London Metropolitan University presents work by undergraduates from the summer 08 show

Studio 4 - ’Spectacle in Marrakech’’

Studio 4 student Ben Farnsworth on the project: “In the opening sequence of the 1956 movie ‘The Man Who Knew Too Much’ Hitchcock stages the assassination of a spy in the Djemaa el Fna market of Marrakesh. The market’s name means ’assembly of the dead’ in Arabic.

Contrary to this, the square forms a stage set for different protagonists: during the day crowds gather to watch a play of acrobats, story-tellers and magicians that by night transforms into a performance of flickering lanterns and savoury mist.

Our starting point for the year was the spectacle. We were investigating the notion of architectural space as a field of events and sequences. This suggested that places and buildings are never still but constantly in a state of flux defined by economic exchange, cultural shifts and changing climates.

Through a series of projects, spectator and spectacle, students took a close look at the shifts and movements somewhere in London (traces of forgotten spaces, snapshots of contemporary life, an overlooked space in the city, a space trapped within a split second, a space unfolding in a rhythm, the imperceptible space of an encounter, an intermittent space).

A series of projects were developed using film material or a vessel of projected narrative to define their individual interest and to form a distinct architectural brief.

Final Project It took us to Marrakech. Projects were sited in the gap of the real and imaginary, between fact, myth and speculation.

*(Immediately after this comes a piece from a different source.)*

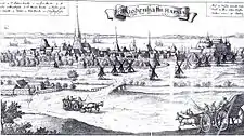Lyngby Kongevej was the first of a number of royal roads created by Frederick II and his successor Christian IV.[1] The royal roads were reserved for the king and his men, including the royal mail coaches and couriers. The roads were protected by locked boom gates. Unauthorized use of the roads was originally sanctioned with confiscation of horses, carriage and load and later with half a year of forced labour at Bremerholm or Spindehuset. Remains of the original road can still be seen in Rude Skov and Geels Skov.
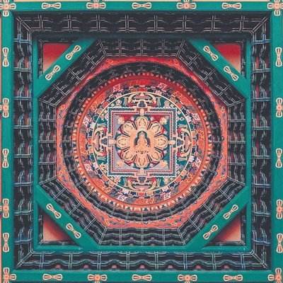 藻井的构图多采用二方连续(亦称带状图案)的形式,形成灵动造型,既点缀了庄严殿堂,也折射出人间繁华。其布局通常有三层:井心——边饰——帷幔,外圆内方、居中对称、层层嵌套,营造出强烈的纵深感和层次感。在配色方面,藻井常用互补色对比,如红绿对比,鲜艳浓烈,给人热情洋溢、充满活力的观感。同时,加入黑、白、灰、金等中性调和色,使整体色彩更为和谐。比如,“三兔共耳”藻井以白色垂角纹边饰与主体色彩衔接,形成渐变效果,增强了画面的立体感。

Observing that spaces have never been static, changes are the key condition for the variety of proposals developed in the studio 4 this year.

Local Marrakechis, eager to guide the uninitiated through the medina’s labyrinthine souks, refer to the space in English simply as ‘big square’, but the Djemaa el Fna isn’t a square in any European sense of the word.

Emerging from one of the narrow alleys to the north or west into its vast expanse gave me the sense that I had been flushed through a great flume into an eddying torrent of humanity: The Djemaa el Fna is an eruption of multiple human spirits, vivified over the course of its daily cycle by a tumbling assortment of acrobats,juice-sellers, snake-charmers, storytellers, monkey-pimps and meat-grillers, crooks, beggars, drummers, donkeys, cars and carts.

As a tourist in Marrakech I was always semiconscious of the collusion between us as foreign observers and the locals we observed; of our strange role in creating and sustaining the landscapes, situations and lifestyles we appeared, superficially, to be merely witnessing. Nonetheless, walking in the medina it is possible to plunge ‘authentically’ from century to century within the space of a few steps.

I saw skilled basket makers working in a manner unaltered since the time of the Almoravids (who ruled the city during the course of the 11th and 12th centuries) and observed a second later rooftops coated by a thicket of satellite dishes, each a simulacrum.”of some object of contemporary desire.”